Head of cancer DataFrame
# Head of cancer DataFrame
cancer_df.head(6)
Output >>>
The tail of cancer DataFrame
# Tail of cancer DataFrame
cancer_df.tail(6)
Output >>>
Getting information of cancer DataFrame using ‘.info()‘ method.
# Information of cancer Dataframe
cancer_df.info()
Output >>>
<class 'pandas.core.frame.DataFrame'>
RangeIndex: 569 entries, 0 to 568
Data columns (total 31 columns):
mean radius 569 non-null float64
mean texture 569 non-null float64
mean perimeter 569 non-null float64
mean area 569 non-null float64
mean smoothness 569 non-null float64
mean compactness 569 non-null float64
mean concavity 569 non-null float64
mean concave points 569 non-null float64
mean symmetry 569 non-null float64
mean fractal dimension 569 non-null float64
radius error 569 non-null float64
texture error 569 non-null float64
perimeter error 569 non-null float64
area error 569 non-null float64
smoothness error 569 non-null float64
compactness error 569 non-null float64
concavity error 569 non-null float64
concave points error 569 non-null float64
symmetry error 569 non-null float64
fractal dimension error 569 non-null float64
worst radius 569 non-null float64
worst texture 569 non-null float64
worst perimeter 569 non-null float64
worst area 569 non-null float64
worst smoothness 569 non-null float64
worst compactness 569 non-null float64
worst concavity 569 non-null float64
worst concave points 569 non-null float64
worst symmetry 569 non-null float64
worst fractal dimension 569 non-null float64
target 569 non-null float64
dtypes: float64(31)
memory usage: 137.9 KB
We have a total of non-null 569 patients’ information with 31 features. All feature data types in the float. The size of the DataFrame is 137.9 KB.

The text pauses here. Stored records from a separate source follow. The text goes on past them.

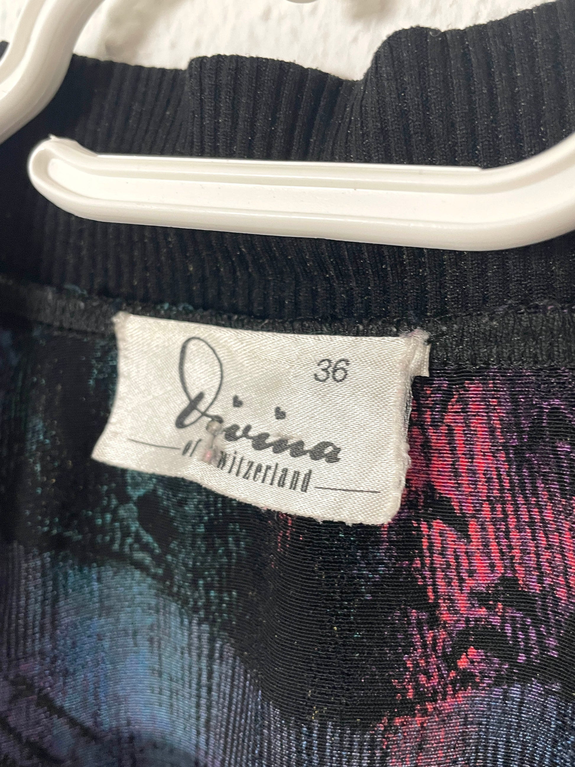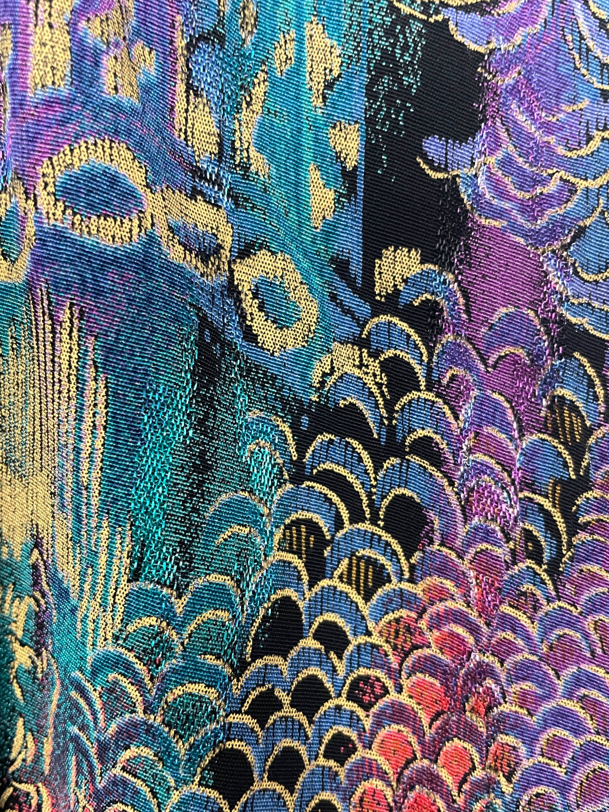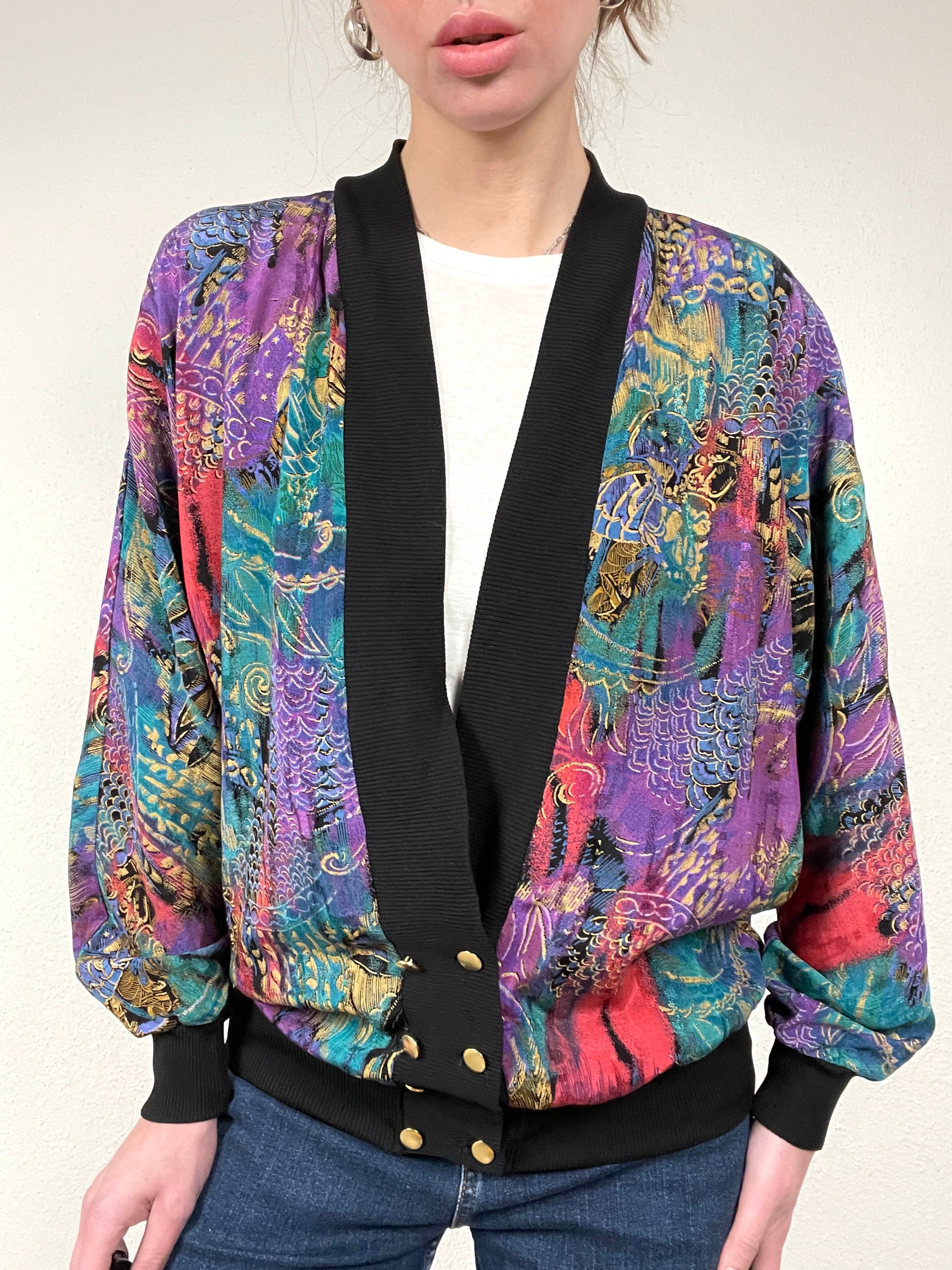 This colorful 90s jacket from Vivienne of Switzerland features a bold print and dropped shoulders for a relaxed, retro style.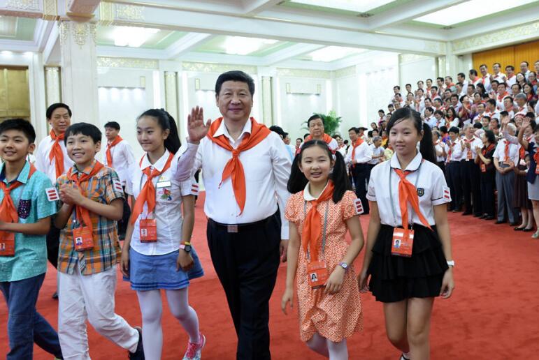 2015年6月1日,習(xí)近平在北京人民大會(huì)堂親切會(huì)見中國(guó)少年先鋒隊(duì)第七次全國(guó)代表大會(huì)全體代表。新華社記者王曄攝
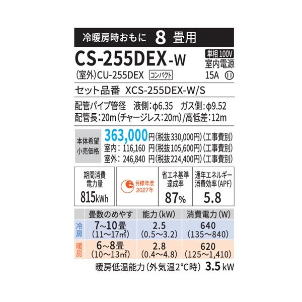 CS-255DEX-W パナソニック エアコン 8畳 EXシリーズ お掃除ロボット 自動排出方式 2025年度モデル 在庫あり 法人様限定販売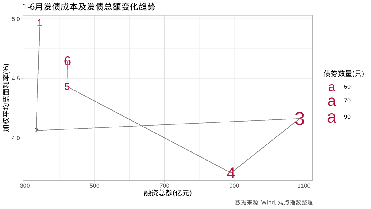 转看发债总额与发债成本的变化趋势,6月发债总额与5月基本持平,不过(融资规模)加权平均票面利率进一步攀升,仅次于1月的高峰。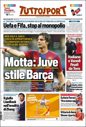 Quotidiani: le prima pagine di Qs, Gazzetta, CorSport, Stadio e Tuttosport in edicola questa mattina, martedì 28 maggio 2024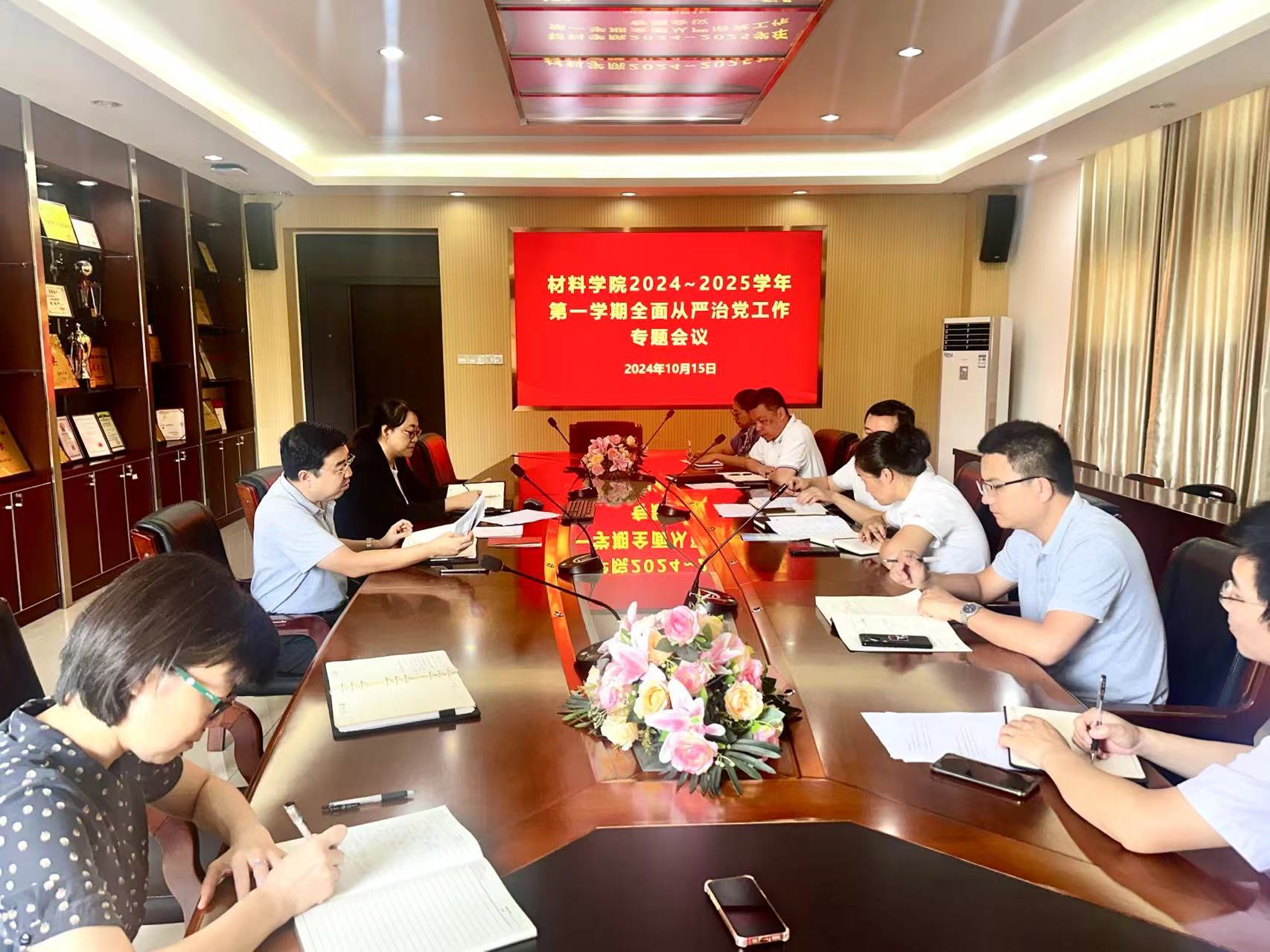 2024年10月15日上午,材料学院在嘉锡楼313会议室召开2024~2025学年第一学期全面从严治党工作专题会议,学院党政工领导干部等参加会议。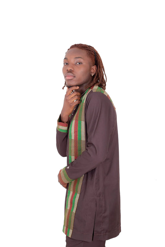Prix habituel €110,00Prix habituelPrix unitaire / parPrix promotionnel €110,00Ensemble marron pour homme en pagne tissé Kente du togo. Pagne tissé à la main.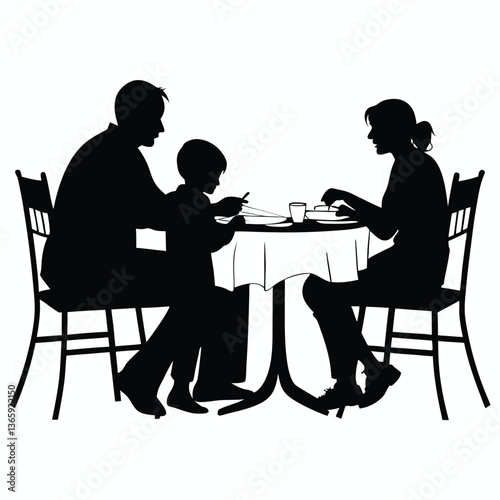 Silhouette of a family enjoying a meal together at a table

Numerical distribution of data. We can know to mean, standard deviation, min, max, 25%,50% and 75% value of each feature.

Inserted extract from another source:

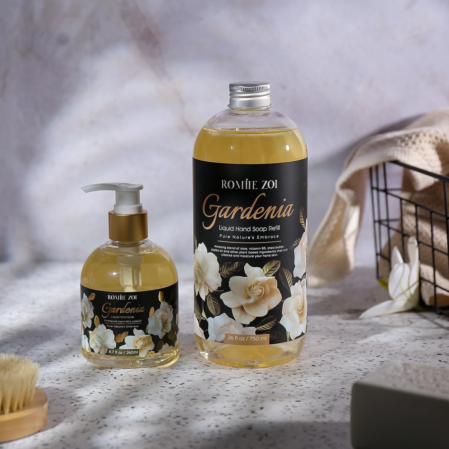 Fresh Gardenia Fragrance: Infused with premium fragrance oils and natural ingredients, Romiie Zoi Liquid Soap delivers a refreshing, natural gardenia floral fragrance, bringing the charm of botanicals to your fingertips. Leaves hands soft, clean, and delicately scented.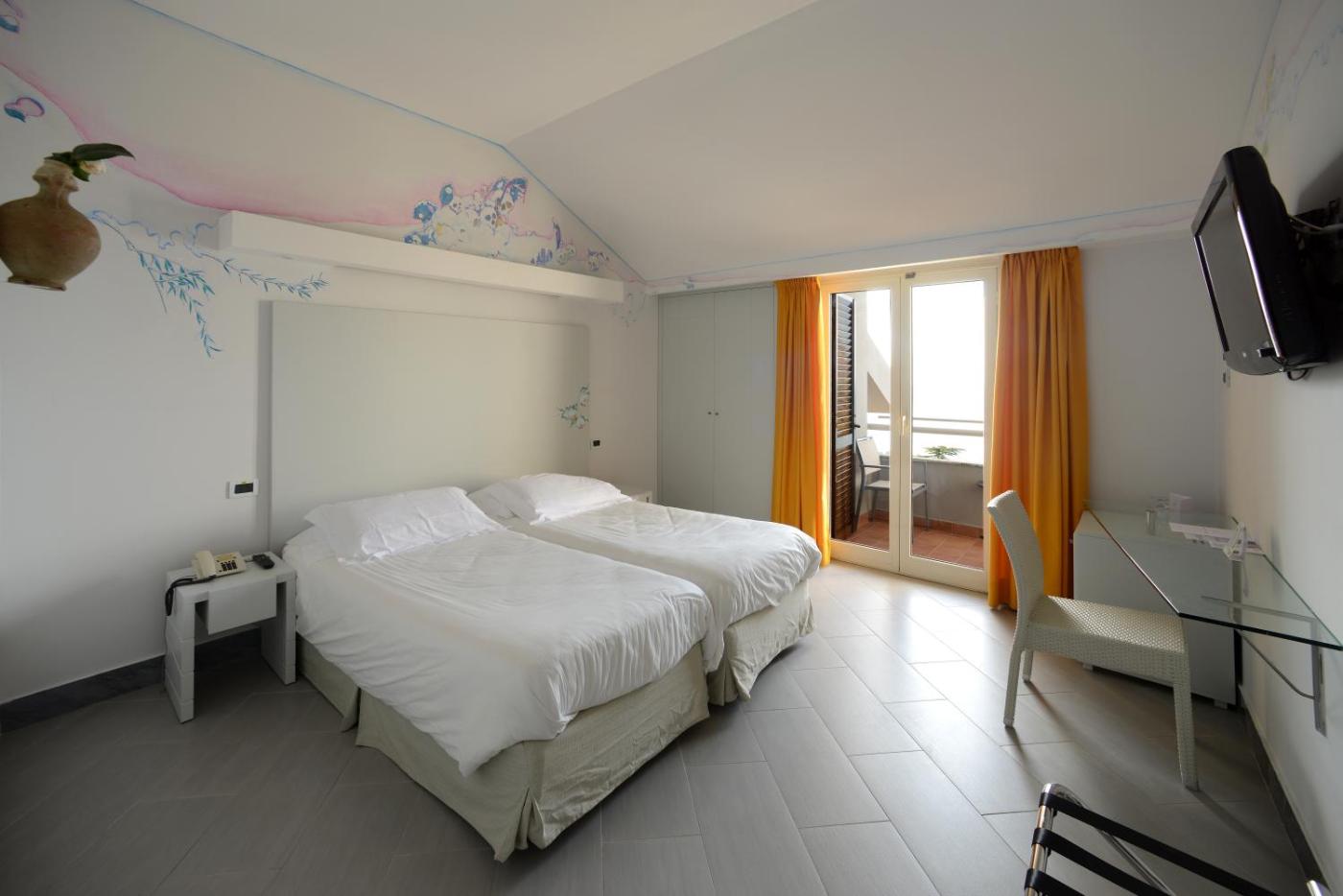 Camera MatrimonialeDoppia con Letti Singoli con Vista Mare Laterale. Climatizzata e dotata di balcone con vista sul mare, la camera matrimonialedoppia con letti singoli dispone di TV satellitare a schermo piatto e bagno privato. ;

# Numerical distribution of data
cancer_df.describe()
Output >>>
We have clean and well formated DataFrame, so DtaFrame is ready to visualize.
Data Visualization
Pair plot of breast cancer data
Basically, the pair plot is used to show the numeric distribution in the scatter plot.
# Paiplot of cancer dataframe
sns.pairplot(cancer_df, hue = 'target')
Output >>>
Pair plot of sample feature of DataFrame
# pair plot of sample feature
sns.pairplot(cancer_df, hue = 'target',
vars = ['mean radius', 'mean texture', 'mean perimeter', 'mean area', 'mean smoothness'] )
Output >>>
The pair plot showing malignant and benign tumor data distributed in two classes. It is easy to differentiate in the pair plot.
Counterplot
Showing the total count of malignant and benign tumor patients in counterplot.
# Count the target class
sns.countplot(cancer_df['target'])
Output >>>
In the below counterplot max samples mean radius is equal to 1.

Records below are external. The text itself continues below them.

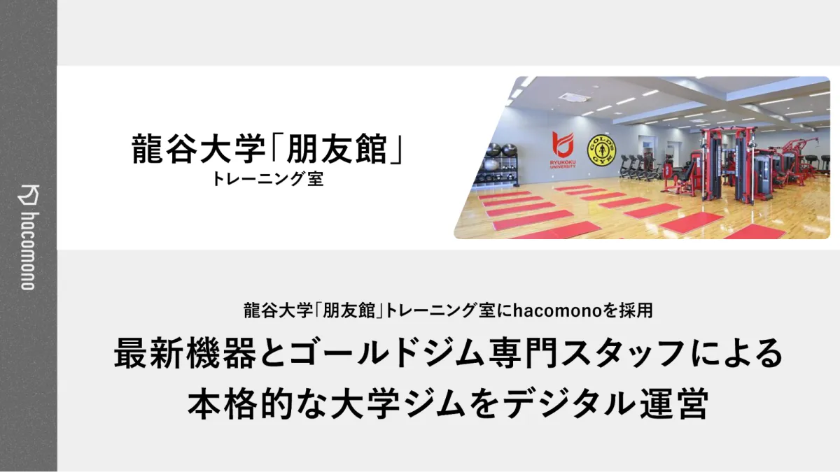 龍谷大学の課外活動拠点である「朋友館」内のトレーニング室に、株式会社hacomonoが提供するオールインワン・マネジメントシステムが導入されました。これにより、館内のトレーニング環境は一新し、大学の学生や教職員に向けた本格的なジム運営が実現します。
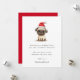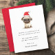 Cartão de Natal com um desenho fofo de um pug vestindo um chapéu de Papai Noel, e sua mensagem personalizada na frente. Cor vermelha ou personalizada de volta.
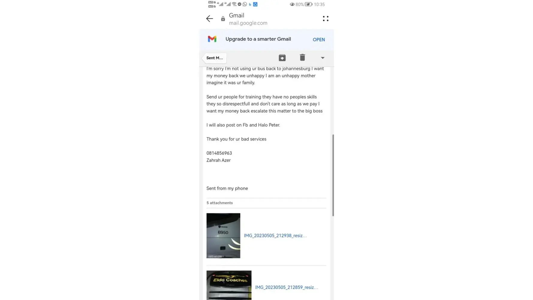 Hi, we had to wait 2and a half hours for this bus to come, my daughter is pregnant she had to stand in the cold all seats where taken inside refer to my attachments..ur staff at the window is rude ur staff directing us where to stand and wait is rude and speak in his language we didn't understand. There was no communication from ELDOS Staff, I want my money back I refuse to take this bus back Sunday the 14th I'm going to the police as everybody on ur platform and whatsapp lines is ignoring me 4660 I want it back. No charging point change ur adds on the site of u lie man. I'm an upset customer which had 3 kids with me. AL is want is my money. Read my emails below I have send to ur head office. [protected] Zahrah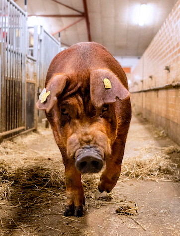 Maximum profit for pig producers, slaughterhouses, and the retail sector. Danish Duroc has a superior high feed efficiency and utilization. With Danish Duroc you get lower feed costs, rapid growth, and high meat quality, all of which means higher earnings in your production.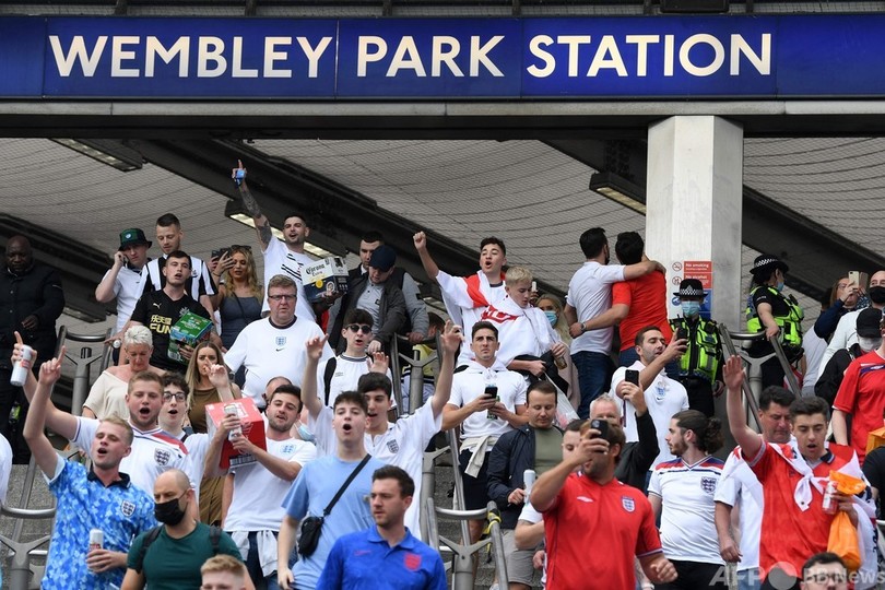 【7月12日 AFP】サッカー欧州選手権(UEFA Euro 2020)決勝、イタリア対イングランドのキックオフを数時間後に控え、大勢の熱狂的なイングランドファンが試合会場となる英ロンドンのウェンブリー・スタジアム(Wembley Stadium)に集結した。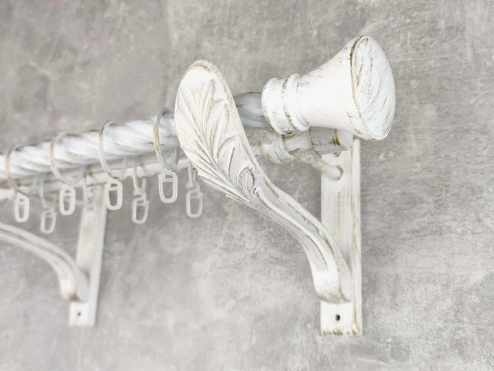 Карниз MStyle металевий для штор дворядний Листок Троянди 25/19мм ретро кручений 160см Біле золото (A012480)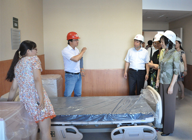 韩晓芳委员(右一)参观北京清华长庚医院病房 (徐中海 摄)

# counter plot of feature mean radius
plt.figure(figsize = (20,8))
sns.countplot(cancer_df['mean radius'])
Heatmap
Heatmap of breast cancer DataFrame
In the below heatmap we can see the variety of different feature’s value. The value of feature ‘mean area’ and ‘worst area’ are greater than other and ‘mean perimeter’, ‘area error’, and ‘worst perimeter’ value slightly less but greater than remaining features.
# heatmap of DataFrame
plt.figure(figsize=(16,9))
sns.heatmap(cancer_df)
Output >>>
Heatmap of a correlation matrix
To find a correlation between each feature and target we visualize heatmap using the correlation matrix.
# Heatmap of Correlation matrix of breast cancer DataFrame
plt.figure(figsize=(20,20))
sns.heatmap(cancer_df.corr(), annot = True, cmap ='coolwarm', linewidths=2)
Output >>>
Correlation barplot
Taking the correlation of each feature with the target and the visualize barplot.
# create second DataFrame by droping target
cancer_df2 = cancer_df.drop(['target'], axis = 1)
print("The shape of 'cancer_df2' is : ", cancer_df2.shape)
Output >>> The shape of ‘cancer_df2’ is : (569, 30)
# visualize correlation barplot
plt.figure(figsize = (16,5))
ax = sns.barplot(cancer_df2.corrwith(cancer_df.target).index, cancer_df2.corrwith(cancer_df.target))
ax.tick_params(labelrotation = 90)
Output >>>
In the above correlation barplot only feature ‘smoothness error’ is strongly positively correlated with the target than others. The features ‘mean factor dimension’, ‘texture error’, and ‘symmetry error’ are very less positive correlated and others remaining are strongly negatively correlated.
Data Preprocessing
Split DataFrame in train and test
# input variable
X = cancer_df.drop(['target'], axis = 1)
X.head(6)
Output >>>
# output variable
y = cancer_df['target']
y.head(6)
Output >>>
0 0.0
1 0.0
2 0.0
3 0.0
4 0.0
5 0.0
Name: target, dtype: float64
# split dataset into train and test
from sklearn.model_selection import train_test_split
X_train, X_test, y_train, y_test = train_test_split(X, y, test_size = 0.2, random_state= 5)
Feature Scaling
Converting different units and magnitude data in one unit.
# Feature scaling
from sklearn.preprocessing import StandardScaler
sc = StandardScaler()
X_train_sc = sc.fit_transform(X_train)
X_test_sc = sc.transform(X_test)
Breast Cancer Detection Machine Learning Model Building
We have clean data to build the Ml model. But which Machine learning algorithm is best for the data we have to find. The output is a categorical format so we will use supervised classification machine learning algorithms.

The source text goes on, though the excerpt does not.